Vor 75 Jahren: Neubeginn der Demokratie in Kassel

Sie ist das oberste Organ der Stadt und Ausdruck der repräsentativen Demokratie – und hatte darum im Weltbild der Nationalsozialisten keinen Platz: Am 5. Juli 1946, vor 75 Jahren also, trat die Kasseler Stadtverordnetenversammlung zu ihrer ersten Sitzung nach der Nazi-Diktatur und dem Zweiten Weltkrieg zusammen.

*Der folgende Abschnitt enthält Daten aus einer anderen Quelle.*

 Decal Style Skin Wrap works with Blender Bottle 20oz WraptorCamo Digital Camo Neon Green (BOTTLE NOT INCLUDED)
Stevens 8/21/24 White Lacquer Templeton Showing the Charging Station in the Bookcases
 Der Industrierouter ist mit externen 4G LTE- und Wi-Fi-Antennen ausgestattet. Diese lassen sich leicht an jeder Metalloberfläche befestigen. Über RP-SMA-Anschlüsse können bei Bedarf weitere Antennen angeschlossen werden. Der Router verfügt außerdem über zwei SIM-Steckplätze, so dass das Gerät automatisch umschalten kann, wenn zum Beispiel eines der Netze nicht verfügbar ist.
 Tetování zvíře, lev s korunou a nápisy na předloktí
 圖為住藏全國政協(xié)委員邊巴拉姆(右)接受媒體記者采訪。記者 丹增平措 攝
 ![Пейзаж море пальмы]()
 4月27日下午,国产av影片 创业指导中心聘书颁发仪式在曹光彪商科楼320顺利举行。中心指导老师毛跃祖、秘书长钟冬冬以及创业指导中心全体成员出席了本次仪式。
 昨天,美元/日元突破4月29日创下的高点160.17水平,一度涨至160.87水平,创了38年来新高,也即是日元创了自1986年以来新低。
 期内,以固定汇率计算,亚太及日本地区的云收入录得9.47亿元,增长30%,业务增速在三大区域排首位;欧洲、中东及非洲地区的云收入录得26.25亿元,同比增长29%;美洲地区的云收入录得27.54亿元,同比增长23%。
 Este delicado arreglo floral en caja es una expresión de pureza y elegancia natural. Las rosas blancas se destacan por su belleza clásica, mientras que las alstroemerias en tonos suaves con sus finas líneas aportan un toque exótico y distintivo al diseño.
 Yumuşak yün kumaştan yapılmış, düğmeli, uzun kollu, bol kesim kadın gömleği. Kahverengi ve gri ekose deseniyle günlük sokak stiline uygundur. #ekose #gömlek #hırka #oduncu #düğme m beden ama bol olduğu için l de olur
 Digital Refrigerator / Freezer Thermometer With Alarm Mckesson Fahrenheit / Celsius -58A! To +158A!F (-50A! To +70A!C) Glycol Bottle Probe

„Dieses Datum steht für Wiedergeburt und Neubeginn der Demokratie in Kassel“, so Stadtverordnetenvorsteherin Dr. Martina van den Hövel-Hanemann und Oberbürgermeister Christian Geselle in einer gemeinsamen Erklärung.

Die Nazis hatten ab 1933 die demokratische Verfassung der Weimarer Republik ausgehebelt und alle staatlichen Ebenen auf Linie des Regimes gebracht. Auch die kommunale Selbstverwaltung passte dem „Führerstaat“ nicht: Ihre Beschlussorgane wurden aufgelöst, so auch die Kasseler Stadtverordnetenversammlung (31. Dezember 1933). Das Ende der Gewaltenteilung zwischen Exekutive, Legislative und Jurisdiktion sowie der Pressefreiheit bahnte den Weg in den Abgrund und das Jahrhundertverbrechen: Holocaust, Millionen Kriegsopfer und ein in weiten Teilen zerstörtes Europa – alles verübt in deutschem Namen. Kassel war Teil dieser Kriegs- und Terrormaschinerie gewesen. „Damit sich ein solches Unheil nie wiederholt, müssen wir unsere Demokratie wertschätzen und schützen. Diese Lehre haben die Mütter und Väter des Grundgesetzes gezogen, als sie das Fundament für die Bundesrepublik Deutschland legten. Doch wir alle müssen die demokratischen Werte als lebenswichtig verinnerlichen“, so Stadtverordnetenvorsteherin und Oberbürgermeister.

Hohe Wahlbeteiligung

Vor dem historischen Hintergrund sei es erstaunlich, dass die westlichen Besatzungsmächte, in Kassel die Amerikaner, den Menschen in Deutschland damals so schnell wieder Eigenverantwortung überließen. Wie groß das Interesse der Bevölkerung daran war, bewies sie bei der ersten Kommunalwahl am 26. Mai 1946 mit einer Beteiligung von 85,7 Prozent in Kassel. Auf die SPD entfielen 51,6 Prozent, CDU 25,5 Prozent, Liberal-Demokratische Partei 12,5 Prozent und Kommunistische Partei 10,4 Prozent. In ihrer ersten Sitzung im Hochzeitssaal der Stadthalle (der Sitzungsaal im Rathaus war zerstört) wählten die Stadtverordneten Christian Wittrock (SPD) zu ihrem Vorsteher und später dann Willi Seidel (SPD) als Oberbürgermeister, der am 7. April 1945 von der US-Armee kommissarisch eingesetzt worden war. 

Aufgaben

Die Stadtverordnetenversammlung hat eine herausgehobene Stellung in der kommunalen Selbstverwaltung. Ihre Aufgaben sind in der Hessischen Gemeindeordnung (HGO) definiert: Sie trifft die wichtigen Entscheidungen und überwacht die Stadtverwaltung sowie die Geschäftsführung des Magistrats, insbesondere die Verwendung der Einnahmen. Sie stellt zudem den Haushaltsplan auf. Der Magistrat hat die Stadtverordnetenversammlung über wichtige Verwaltungsangelegenheiten laufend zu unterrichten. Alle fünf Jahre entscheiden die Bürgerinnen und Bürger bei der Kommunalwahl neu über ihre Zusammensetzung. 

„Nutzen Sie die Möglichkeit, vor Ort mitzuwirken, verfolgen Sie die kommunalpolitischen Diskussionen, und bringen Sie sich selbst für unsere Demokratie ein, damit unsere Stadt in eine gute Zukunft geht“, appellieren Stadtverordnetenvorsteherin Dr. van den Hövel-Hanemann und Oberbürgermeister Geselle abschließend.